Submitted to: ASA-CSSA-SSSA Annual Meeting Abstracts
Publication Type: Abstract Only
Publication Acceptance Date: 8/9/2005
Publication Date: 9/27/2005
Citation: Lin, C.H., Lerch, R.N., Kremer, R.J., Garrett, H.E., Udawatta, R.P., George, M.F. 2005. Soil microbiological activities in vegetative buffer strips and their association with herbicide degradation. ASA-CSSA-SSSA Annual Meeting Abstracts.

Interpretive Summary:

Technical Abstract: The efficacy of vegetative buffer strips in intercepting herbicides from surface runoff is well established. A sound buffer design should also facilitate rapid degradation of deposited herbicides before they have a chance to be released to surface and subsurface flow. Experimental plots were arranged in a split-plot design with three replications and a factorial combination of three land use treatments with five landscape positions.

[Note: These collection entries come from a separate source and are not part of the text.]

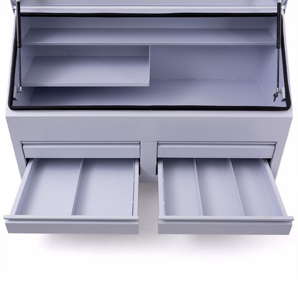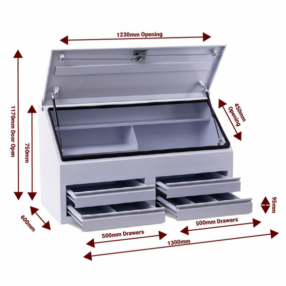 These 4 drawer steel truck boxes have a massive capacity and are made with solid steel to be the perfect addition to the professional tradesperson's work vehicle. They are fully seam-welded, powder coated inside and out and have internal gas struts which automatically open the lid for added convenience. A quality rubber seal keeps the elements out while two stainless steel 4 point t-locks keep people with sticky fingers out. Perfect for keeping your gear safe on-site and in transit!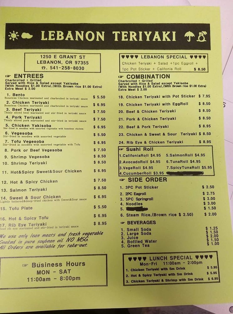 Located at 1250 E Grant St in Lebanon, OR, Lebanon Teriyaki offers an enticing selection of Japanese cuisine that delights the senses. Their menu features a variety of combo plates, including options like chicken, beef, pork, shrimp, and tofu, each served with rice and a vibrant salad drizzled with house-made dressing and teriyaki sauce. Prices are affordable, with most combos averaging around $15.50.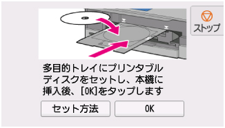 プリンタブルディスクのセットを促すメッセージが表示されるまでは、多目的トレイはセットしないでください。動作中に多目的トレイをセットするとプリンターを損傷するおそれがあります。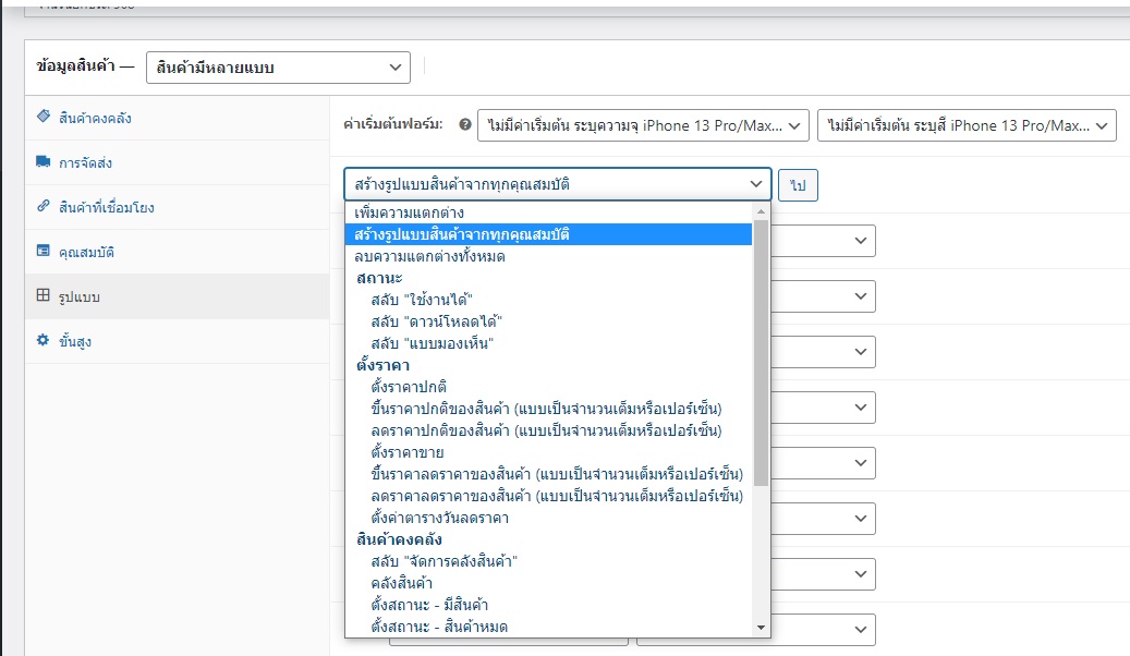 สินค้า >> ข้อมูลสินค้า : สินค้ามีหลายแบบ >> รูปแบบ >> เลือก สร้างรูปแบบสินค้าจากทุกคุณสมบัติ >> กดปุ่ม ไป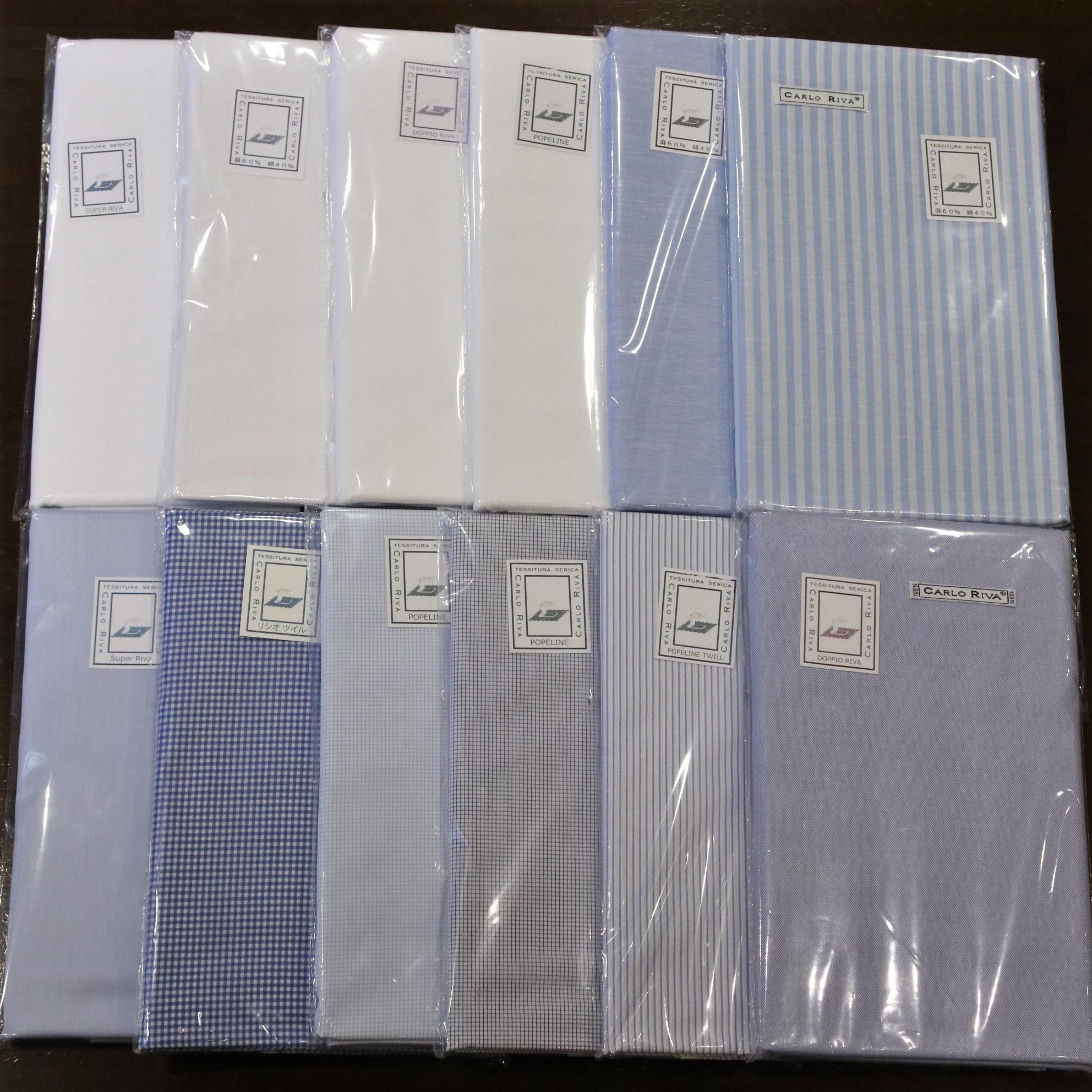 シャツ生地も、スーツやジャケットの生地と同じように、バンチブック(生地見本帳)にてご用意しておりますが、バンチブックで展開されていない生地などは、1着分ずつの生地を買い付けてご用意しております。

Land use treatments included a contour grass buffer watershed, a contour tree-grass agroforestry buffer watershed, and a control watershed. Watershed areas ranged from 1.65 to 4.44 ha. All land-use treatments were in a corn-soybean minimum-till production system, and the vegetative buffers were contoured strips from the summit to toe slope positions. To evaluate microbial activities and herbicide degradation potential, Beta-glucosidase, dehydrogenase and fluorescein diacetate hydrolytic activities (FDA) were measured. The results suggested that the microbial enzymatic activities were significantly higher in grass and tree-grass buffers than in the control treatment. Among the treatments, the soils collected from the grass buffers showed the highest microbial enzymatic activities and herbicide degradation potential. Topographic position did not significantly affect soil microbial activities. A growth chamber study was also conducted to investigate the microbial mineralization rates of 14C ring labeled atrazine and the activities of FDA, dehydrogenase and Beta-glucosidase in the rhizosphere of seven selected forage treatments. Preliminary results suggested that the mineralization rates of atrazine, after 100 days of incubation, were more closely correlated with activities of Beta-glucosidase (r = 0.857) and dehydrogenase (r = 0.763) than FDA hydrolysis rates (r = 0.494). Efforts are currently under way to correlate the microbial activity in different land use treatments with herbicide mineralization and degradation rates using 14C-labeled herbicides, such as atrazine, bentazon, pendimethalin, s-metolachlor and glyphosate.